JS: What are other creative people you know doing to get through this time of crisis?

NH: I’ve seen people doing fun sort of guitar challenges where you have to make a video response. One I got was ‘play a blues in f#’ that was fun, people are posting songs, sets and concerts. Those who had tours and new recordings happening are doing their best to release them and get some energy behind them. There is a ton of discussion online from the music community in many different directions. Lots of talk about the government, health, social justice, and many big emotions from sadness, to anger and everything in between.

I’m feeling a real urgent need from many members of my community that they need to ‘do’ something, to say something wise or meaningful, to post something amazing, to even fix this whole pandemic situation really with their viewpoint.
I’m not too engaged in any discourse, at this time. I’m focusing on my work, my immediate family, and my students. I leave this whole situation to the frontline workers, the medical establishment, our government, and to God.

JS: What are the saddest stories you’ve heard about creative people during this time of COVID-19?
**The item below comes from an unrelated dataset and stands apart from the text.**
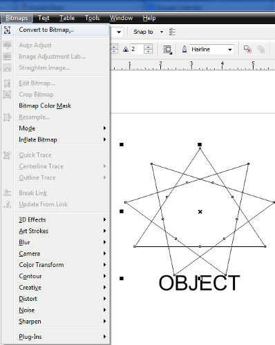 Si tienes un objeto (tal vez algún texto o un conjunto complejo de formas que has creado) se puede convertir a mapa de bits seleccionándolo y luego el mapa de bits -> convertir a opción de menú de mapa de bits (ver imagen). Asegúrese de tener todo lo que quieras se puede convertir seleccionado cuando haces eso.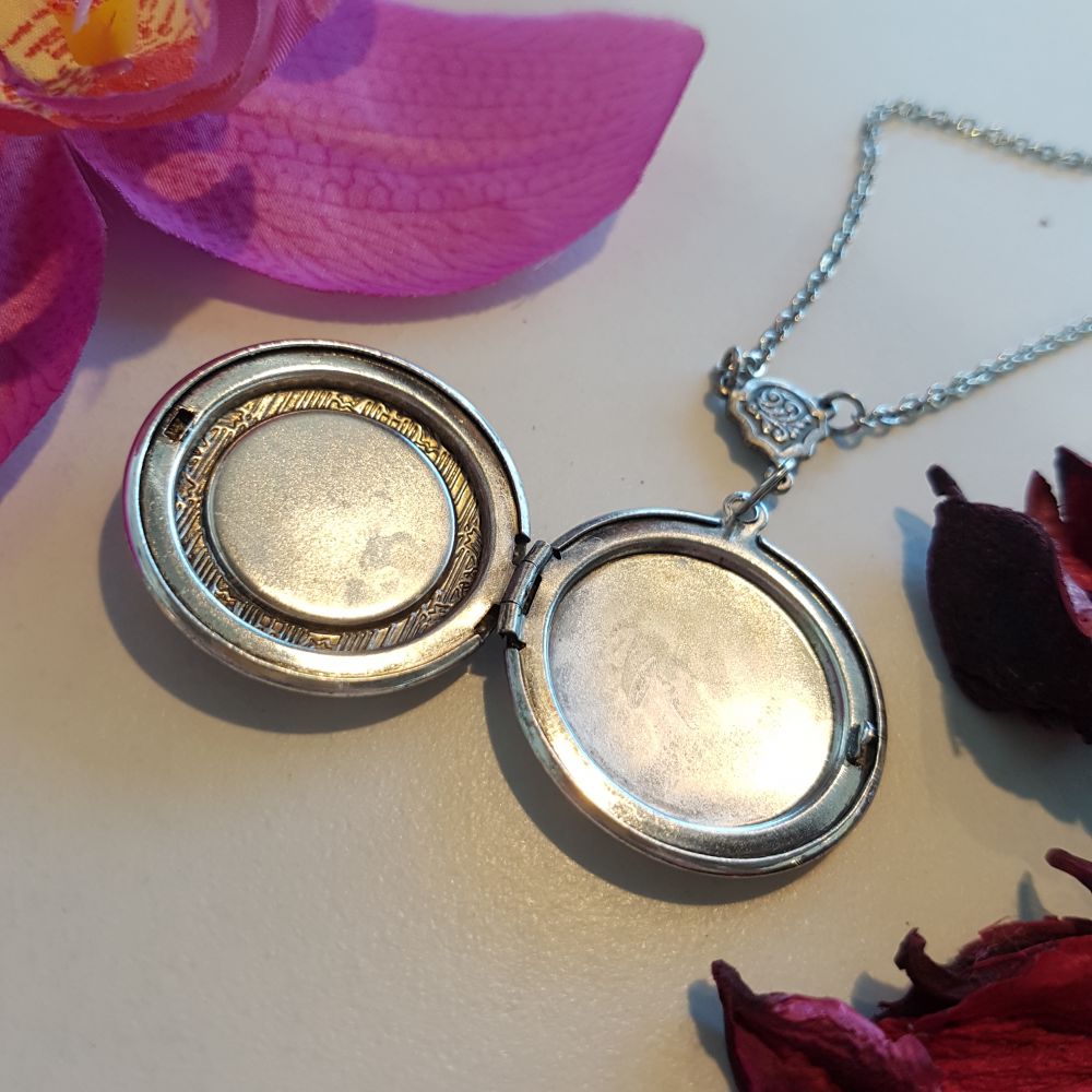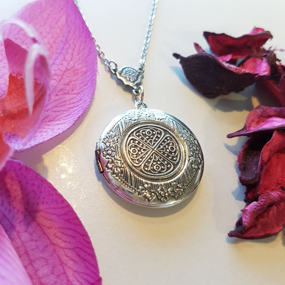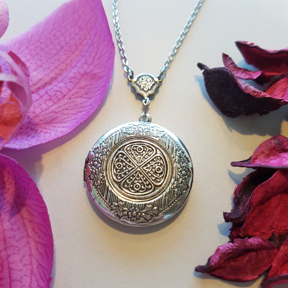 قلادة مزخرفة بنقش مميز ومطلية بالفضة المعتقة. بداخل القلادة مساحة مخصصة لإضافة صورتين من صورك المفضلة. تصلح كهدية لمختلف المناسبات المميزة.

NH: When I hear young musicians worrying about paying rent, or clubs that are considering closing that makes me sad. But the saddest thing for me is each new death from COVID-19, the thought of a victim spending their last moments not able to see your loved ones is a nightmare. This is a traumatic way to die, and the trauma is shared between the friends and family of the victim and the frontline workers. I am not scared that music will disappear, it will be here in one way or another after all of this. And yes, the world situation will be difficult, but at least those of us who make it will be in it together.

JS: What are the most encouraging or inspiring stories you’ve heard about creative people during this time of COVID-19?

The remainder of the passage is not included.